I've been reading up on the Toeplitz matrix 2D convolution method to prepare for making these optimizations (I'm a lowly B.Sc student but I'm giving it the old college try). I think that the main cause of space complexity (and therefore time complexity due to memory allocation) is that while the double Toeplitz matrix is very sparse, due to how badly it scales with the size of the input matrix, any non-insignificant kernel size (which scales its density linearly) still results in a huge number of nonzero elements needing to be explicitly stored—even though there are only a very small number of unique values. With a 10,000x10,000 input matrix and a 3x3 kernel, there will be 900 million nonzero (and therefore explicitly stored) elements in the double Toeplitz, but they're all repeats of the same 9 values. A 32x32 kernel results in over 100 billion copies of the same 1024 values.
So, I'm trying to see if I can write a sparse matrix class that exploits the redundancy in Toeplitz/double Toeplitz matrices so that we only need to store the kernel values once. The matmul implementation will probably involve something like the Gather-GEMM-ScatterAdd you mentioned. The usage code would hardly need to be changed, too. How does this sound to you?
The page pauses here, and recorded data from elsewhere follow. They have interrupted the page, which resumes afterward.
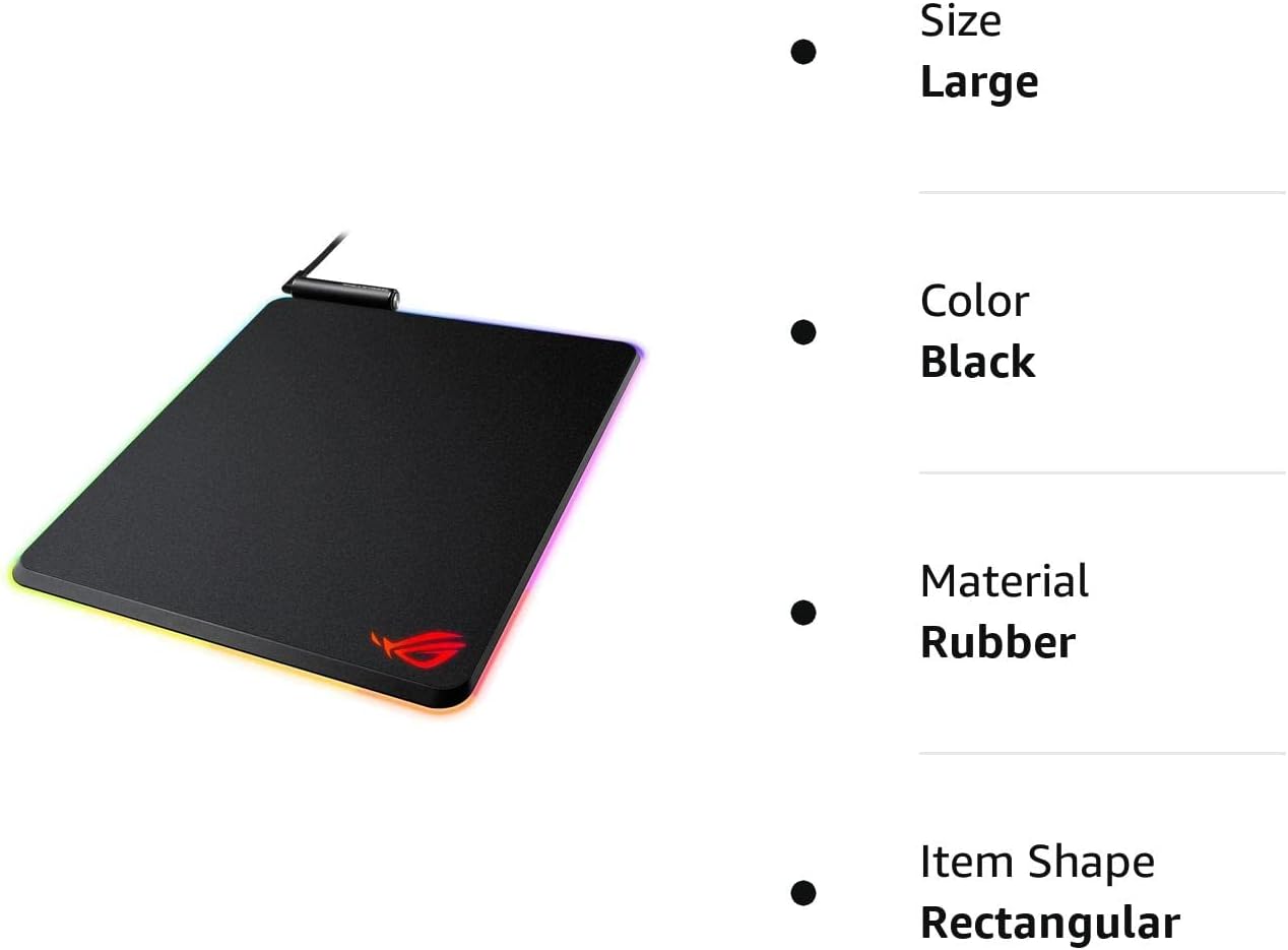 Home Products Gaming Gear Mousepads Asus Rog Balteus RGB Gaming Mouse Pad with 15-zone Aura Sync Lighting, Portrait Hard Surface,USB Passthrough & Nonslip Rubber Base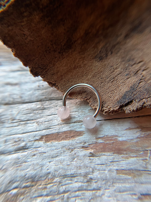 Rose Quartz Natural Stone 316L Surgical Steel Horseshoe Ring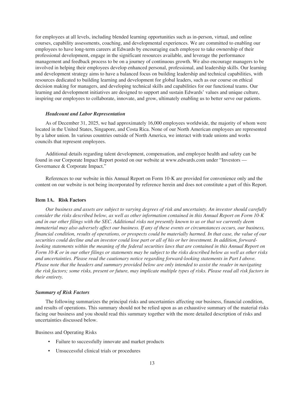 for employees at all levels, including blended learning opportunities such as in-person, virtual, and online courses, capability assessments, coaching, and developmental experiences. We are committed to enabling our employees to have long-term careers at Edwards by encouraging each employee to take ownership of their professional development, engage in the significant resources available, and leverage the performance management and feedback process to be on a journey of continuous growth. We also encourage managers to be involved in helping their employees develop enhanced personal, professional, and leadership skills. Our learning and development strategy aims to have a balanced focus on building leadership and technical capabilities, with resources dedicated to building learning and development for global leaders, such as our course on ethical decision making for managers, and developing technical skills and capabilities for our functional teams. Our learning and development initiatives are designed to support and sustain Edwards’ values and unique culture, inspiring our employees to collaborate, innovate, and grow, ultimately enabling us to better serve our patients. Headcount and Labor Representation As of December 31, 2025, we had approximately 16,000 employees worldwide, the majority of whom were located in the United States, Singapore, and Costa Rica. None of our North American employees are represented by a labor union. In various countries outside of North America, we interact with trade unions and works councils that represent employees. Additional details regarding talent development, compensation, and employee health and safety can be found in our Corporate Impact Report posted on our website at www.edwards.com under “Investors — Governance & Corporate Impact.” References to our website in this Annual Report on Form 10-K are provided for convenience only and the content on our website is not being incorporated by reference herein and does not constitute a part of this Report. Item 1A. Risk Factors Our business and assets are subject to varying degrees of risk and uncertainty. An investor should carefully consider the risks described below, as well as other information contained in this Annual Report on Form 10-K and in our other filings with the SEC. Additional risks not presently known to us or that we currently deem immaterial may also adversely affect our business. If any of these events or circumstances occurs, our business, financial condition, results of operations, or prospects could be materially harmed. In that case, the value of our securities could decline and an investor could lose part or all of his or her investment. In addition, forward- looking statements within the meaning of the federal securities laws that are contained in this Annual Report on Form 10-K or in our other filings or statements may be subject to the risks described below as well as other risks and uncertainties. Please read the cautionary notice regarding forward-looking statements in Part I above. Please note that the headers and summary provided below are only intended to assist the reader in navigating the risk factors; some risks, present or future, may implicate multiple types of risks. Please read all risk factors in their entirety. Summary of Risk Factors The following summarizes the principal risks and uncertainties affecting our business, financial condition, and results of operations. This summary should not be relied upon as an exhaustive summary of the material risks facing our business and you should read this summary together with the more detailed description of risks and uncertainties discussed below. Business and Operating Risks • Failure to successfully innovate and market products • Unsuccessful clinical trials or procedures 13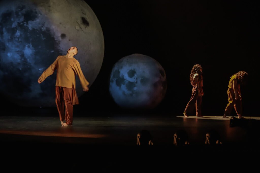El cuerpo, el sonido y el espacio son tres elementos indispensables en esta presentación, que sumerge al público en un diálogo íntimo sobre la existencia humana. Siete bailarines desarrollan una metáfora sobre la vida, acompañados por la cercanía imperturbable de la luna como testigo de todas las acciones.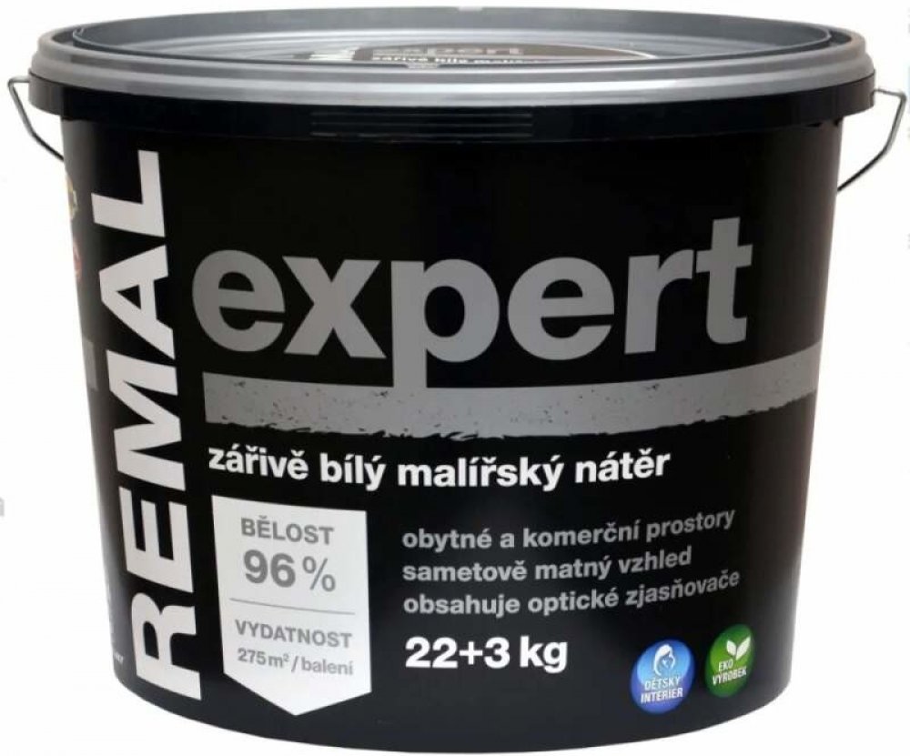 Podrobnosti o produktu 400880-3 22 plus 3 kg REMAL Expert je sametově matná a zářivě bílá malířská barva s extrémně vysokou bělostí 96 procent. Interiérová barva má excelentní krycí schopnost a je zároveň vysoce prodyšná, vhodná i na sanační omítky.

Update: I just took a gander at the source code and found out that it is "ideal" with matrices smaller than (1000, 1000). Could you perhaps put this on the repository's Readme please?
Original post:
It seems to fail silently on the last step shown here if I have a matrix that is too large:
Is this library only meant for small matrices?